Give the data again exactly, stopping after the "本產(chǎn)品采用PVC" line.

Start of SUPPLIED DATA

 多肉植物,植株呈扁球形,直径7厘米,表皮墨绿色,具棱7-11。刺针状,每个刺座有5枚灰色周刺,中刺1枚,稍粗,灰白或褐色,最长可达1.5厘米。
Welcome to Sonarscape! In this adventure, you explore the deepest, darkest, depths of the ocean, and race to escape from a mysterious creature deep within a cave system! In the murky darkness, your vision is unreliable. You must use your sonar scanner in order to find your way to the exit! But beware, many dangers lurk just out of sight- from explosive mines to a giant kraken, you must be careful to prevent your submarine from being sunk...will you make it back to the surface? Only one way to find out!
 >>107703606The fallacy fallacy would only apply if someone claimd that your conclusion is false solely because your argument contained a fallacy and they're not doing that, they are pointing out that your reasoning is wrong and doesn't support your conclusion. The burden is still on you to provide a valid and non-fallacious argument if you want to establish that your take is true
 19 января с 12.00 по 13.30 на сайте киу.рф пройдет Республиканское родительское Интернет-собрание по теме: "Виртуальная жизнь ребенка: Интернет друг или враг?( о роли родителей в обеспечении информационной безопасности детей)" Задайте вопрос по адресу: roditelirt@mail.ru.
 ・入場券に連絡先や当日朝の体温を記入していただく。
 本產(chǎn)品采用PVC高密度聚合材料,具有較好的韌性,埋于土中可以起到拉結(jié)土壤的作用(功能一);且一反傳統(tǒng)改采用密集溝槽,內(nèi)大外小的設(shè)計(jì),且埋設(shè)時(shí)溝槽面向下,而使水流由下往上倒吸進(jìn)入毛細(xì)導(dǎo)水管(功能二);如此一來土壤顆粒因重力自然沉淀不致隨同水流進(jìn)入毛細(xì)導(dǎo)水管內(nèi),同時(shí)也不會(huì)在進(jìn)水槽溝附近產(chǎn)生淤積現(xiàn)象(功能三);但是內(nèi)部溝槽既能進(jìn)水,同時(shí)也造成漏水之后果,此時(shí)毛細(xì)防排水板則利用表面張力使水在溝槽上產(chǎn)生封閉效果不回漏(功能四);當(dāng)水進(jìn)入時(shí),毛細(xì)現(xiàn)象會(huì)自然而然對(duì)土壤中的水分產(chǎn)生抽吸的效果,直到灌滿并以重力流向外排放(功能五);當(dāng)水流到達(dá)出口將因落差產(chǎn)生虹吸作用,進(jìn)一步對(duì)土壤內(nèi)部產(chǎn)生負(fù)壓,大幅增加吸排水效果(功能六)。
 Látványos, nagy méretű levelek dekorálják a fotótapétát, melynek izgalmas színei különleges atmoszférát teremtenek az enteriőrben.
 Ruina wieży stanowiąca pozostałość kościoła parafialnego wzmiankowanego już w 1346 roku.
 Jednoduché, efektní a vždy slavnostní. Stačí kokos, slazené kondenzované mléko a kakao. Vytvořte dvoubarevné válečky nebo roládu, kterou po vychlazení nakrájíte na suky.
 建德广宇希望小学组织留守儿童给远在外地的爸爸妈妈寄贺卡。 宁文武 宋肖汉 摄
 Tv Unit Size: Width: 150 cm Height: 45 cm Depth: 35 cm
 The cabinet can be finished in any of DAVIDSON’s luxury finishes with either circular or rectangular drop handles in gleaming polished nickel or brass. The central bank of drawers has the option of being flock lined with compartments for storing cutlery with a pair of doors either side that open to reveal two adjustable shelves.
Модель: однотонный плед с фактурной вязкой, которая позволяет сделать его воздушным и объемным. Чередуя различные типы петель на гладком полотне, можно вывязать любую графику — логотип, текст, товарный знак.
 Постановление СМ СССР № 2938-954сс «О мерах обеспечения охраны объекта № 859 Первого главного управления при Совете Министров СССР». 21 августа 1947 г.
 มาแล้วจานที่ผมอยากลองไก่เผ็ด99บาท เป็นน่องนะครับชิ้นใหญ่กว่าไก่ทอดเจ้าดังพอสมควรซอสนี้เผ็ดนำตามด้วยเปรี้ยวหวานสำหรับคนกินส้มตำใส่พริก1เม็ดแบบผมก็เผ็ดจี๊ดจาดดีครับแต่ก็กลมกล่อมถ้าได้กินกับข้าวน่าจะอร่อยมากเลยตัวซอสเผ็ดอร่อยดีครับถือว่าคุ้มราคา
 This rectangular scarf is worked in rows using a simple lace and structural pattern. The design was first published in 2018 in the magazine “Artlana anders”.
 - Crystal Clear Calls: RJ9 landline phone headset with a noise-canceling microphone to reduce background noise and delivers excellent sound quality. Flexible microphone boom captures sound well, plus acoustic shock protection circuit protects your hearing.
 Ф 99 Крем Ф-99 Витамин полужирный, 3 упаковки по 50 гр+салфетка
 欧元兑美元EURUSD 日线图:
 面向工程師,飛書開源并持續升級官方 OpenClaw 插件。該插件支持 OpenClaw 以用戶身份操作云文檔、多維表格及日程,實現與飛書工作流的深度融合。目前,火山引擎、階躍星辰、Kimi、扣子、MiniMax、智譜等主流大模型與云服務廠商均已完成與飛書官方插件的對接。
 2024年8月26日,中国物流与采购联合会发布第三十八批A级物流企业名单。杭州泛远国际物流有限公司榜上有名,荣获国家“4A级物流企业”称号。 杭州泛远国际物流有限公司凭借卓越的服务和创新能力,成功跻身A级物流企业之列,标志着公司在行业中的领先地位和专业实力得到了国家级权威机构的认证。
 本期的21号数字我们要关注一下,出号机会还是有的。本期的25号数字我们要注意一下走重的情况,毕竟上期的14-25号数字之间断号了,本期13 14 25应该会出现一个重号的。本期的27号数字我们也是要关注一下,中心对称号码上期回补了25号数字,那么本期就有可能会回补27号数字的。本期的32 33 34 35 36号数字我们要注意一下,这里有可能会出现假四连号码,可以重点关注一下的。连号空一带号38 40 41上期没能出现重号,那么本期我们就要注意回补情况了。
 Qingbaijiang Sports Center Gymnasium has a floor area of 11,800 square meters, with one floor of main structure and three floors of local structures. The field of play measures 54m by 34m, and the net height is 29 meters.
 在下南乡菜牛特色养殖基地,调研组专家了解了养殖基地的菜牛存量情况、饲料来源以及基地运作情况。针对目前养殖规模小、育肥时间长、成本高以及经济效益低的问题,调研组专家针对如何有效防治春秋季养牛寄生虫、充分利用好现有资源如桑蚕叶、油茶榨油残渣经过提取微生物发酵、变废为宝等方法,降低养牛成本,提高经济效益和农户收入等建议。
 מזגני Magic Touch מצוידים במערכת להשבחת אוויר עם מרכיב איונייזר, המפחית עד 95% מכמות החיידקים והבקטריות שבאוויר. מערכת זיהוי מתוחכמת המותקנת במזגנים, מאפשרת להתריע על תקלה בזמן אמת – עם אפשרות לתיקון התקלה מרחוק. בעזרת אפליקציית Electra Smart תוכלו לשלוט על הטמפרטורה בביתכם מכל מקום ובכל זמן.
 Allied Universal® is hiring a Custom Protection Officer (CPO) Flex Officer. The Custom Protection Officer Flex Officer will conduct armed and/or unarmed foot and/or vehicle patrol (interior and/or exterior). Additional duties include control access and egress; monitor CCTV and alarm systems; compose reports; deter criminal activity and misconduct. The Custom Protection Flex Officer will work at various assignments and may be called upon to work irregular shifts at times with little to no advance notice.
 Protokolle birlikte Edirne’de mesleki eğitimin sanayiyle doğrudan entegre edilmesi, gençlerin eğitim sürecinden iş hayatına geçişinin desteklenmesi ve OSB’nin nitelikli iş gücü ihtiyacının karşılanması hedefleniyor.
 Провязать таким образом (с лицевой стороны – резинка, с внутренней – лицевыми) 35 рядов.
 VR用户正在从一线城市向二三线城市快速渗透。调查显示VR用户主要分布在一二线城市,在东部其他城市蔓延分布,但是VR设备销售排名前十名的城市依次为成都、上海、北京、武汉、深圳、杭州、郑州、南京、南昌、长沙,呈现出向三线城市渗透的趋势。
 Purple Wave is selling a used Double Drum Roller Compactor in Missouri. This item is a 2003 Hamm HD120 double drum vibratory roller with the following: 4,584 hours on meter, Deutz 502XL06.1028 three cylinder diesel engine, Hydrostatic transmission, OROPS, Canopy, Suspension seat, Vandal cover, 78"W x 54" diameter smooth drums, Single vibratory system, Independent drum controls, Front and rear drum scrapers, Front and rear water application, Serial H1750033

End of SUPPLIED DATA

## OUTPUT BELOW
 多肉植物,植株呈扁球形,直径7厘米,表皮墨绿色,具棱7-11。刺针状,每个刺座有5枚灰色周刺,中刺1枚,稍粗,灰白或褐色,最长可达1.5厘米。
Welcome to Sonarscape! In this adventure, you explore the deepest, darkest, depths of the ocean, and race to escape from a mysterious creature deep within a cave system! In the murky darkness, your vision is unreliable. You must use your sonar scanner in order to find your way to the exit! But beware, many dangers lurk just out of sight- from explosive mines to a giant kraken, you must be careful to prevent your submarine from being sunk...will you make it back to the surface? Only one way to find out!
 >>107703606The fallacy fallacy would only apply if someone claimd that your conclusion is false solely because your argument contained a fallacy and they're not doing that, they are pointing out that your reasoning is wrong and doesn't support your conclusion. The burden is still on you to provide a valid and non-fallacious argument if you want to establish that your take is true
 19 января с 12.00 по 13.30 на сайте киу.рф пройдет Республиканское родительское Интернет-собрание по теме: "Виртуальная жизнь ребенка: Интернет друг или враг?( о роли родителей в обеспечении информационной безопасности детей)" Задайте вопрос по адресу: roditelirt@mail.ru.
 ・入場券に連絡先や当日朝の体温を記入していただく。
 本產(chǎn)品采用PVC高密度聚合材料,具有較好的韌性,埋于土中可以起到拉結(jié)土壤的作用(功能一);且一反傳統(tǒng)改采用密集溝槽,內(nèi)大外小的設(shè)計(jì),且埋設(shè)時(shí)溝槽面向下,而使水流由下往上倒吸進(jìn)入毛細(xì)導(dǎo)水管(功能二);如此一來土壤顆粒因重力自然沉淀不致隨同水流進(jìn)入毛細(xì)導(dǎo)水管內(nèi),同時(shí)也不會(huì)在進(jìn)水槽溝附近產(chǎn)生淤積現(xiàn)象(功能三);但是內(nèi)部溝槽既能進(jìn)水,同時(shí)也造成漏水之后果,此時(shí)毛細(xì)防排水板則利用表面張力使水在溝槽上產(chǎn)生封閉效果不回漏(功能四);當(dāng)水進(jìn)入時(shí),毛細(xì)現(xiàn)象會(huì)自然而然對(duì)土壤中的水分產(chǎn)生抽吸的效果,直到灌滿并以重力流向外排放(功能五);當(dāng)水流到達(dá)出口將因落差產(chǎn)生虹吸作用,進(jìn)一步對(duì)土壤內(nèi)部產(chǎn)生負(fù)壓,大幅增加吸排水效果(功能六)。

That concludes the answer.